Government Lab Reveals Quantum Internet Operated for 2 Years

Sparkleoptic

One of the dreams for security experts is the creation of a quantum Internet that allows perfectly secure communication based on the powerful laws of quantum mechanics.

The basic idea here is that the act of measuring a quantum object, such as a photon, always changes it. So any attempt to eavesdrop on a quantum message cannot fail to leave telltale signs of snooping that the receiver can detect. That allows anybody to send a “one-time pad” over a quantum network which can then be used for secure communication using conventional classical communication.

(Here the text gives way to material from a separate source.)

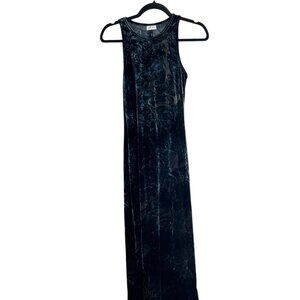 La Senza Crushed Velvet Sleeveless Dress Sz S | Blue Gray Keyhole Back High Neck

That sets things up nicely for perfectly secure messaging known as quantum cryptography and this is actually a fairly straightforward technique for any half decent quantum optics lab. Indeed, a company called ID Quantique sells an off-the-shelf system that has begun to attract banks and other organisations interested in perfect security.

These systems have an important limitation, however. The current generation of quantum cryptography systems are point-to-point connections over a single length of fibre, So they can send secure messages from A to B but cannot route this information onwards to C, D, E or F.

That’s because the act of routing a message means reading the part of it that indicates where it has to be routed. And this inevitably changes it, at least with conventional routers. This makes a quantum Internet impossible with today’s technology

Various teams are racing to develop quantum routers that will fix this problem by steering quantum messages without destroying them. We looked at one of the first last year. But the truth is that these devices are still some way from commercial reality.

Today, Richard Hughes and his team at Los Alamos National Labs in New Mexico reveal an alternative quantum Internet, which they say they’ve been running for two and half years. Their approach is to create a quantum network based around a hub and spoke-type network. All messages get routed from any point in the network to another via this central hub.

This is not the first time this kind of approach has been tried. The idea is that messages to the hub rely on the usual level of quantum security. However, once at the hub, they are converted to conventional classical bits and then reconverted into quantum bits to be sent on the second leg of their journey.

So as long as the hub is secure, then the network should also be secure.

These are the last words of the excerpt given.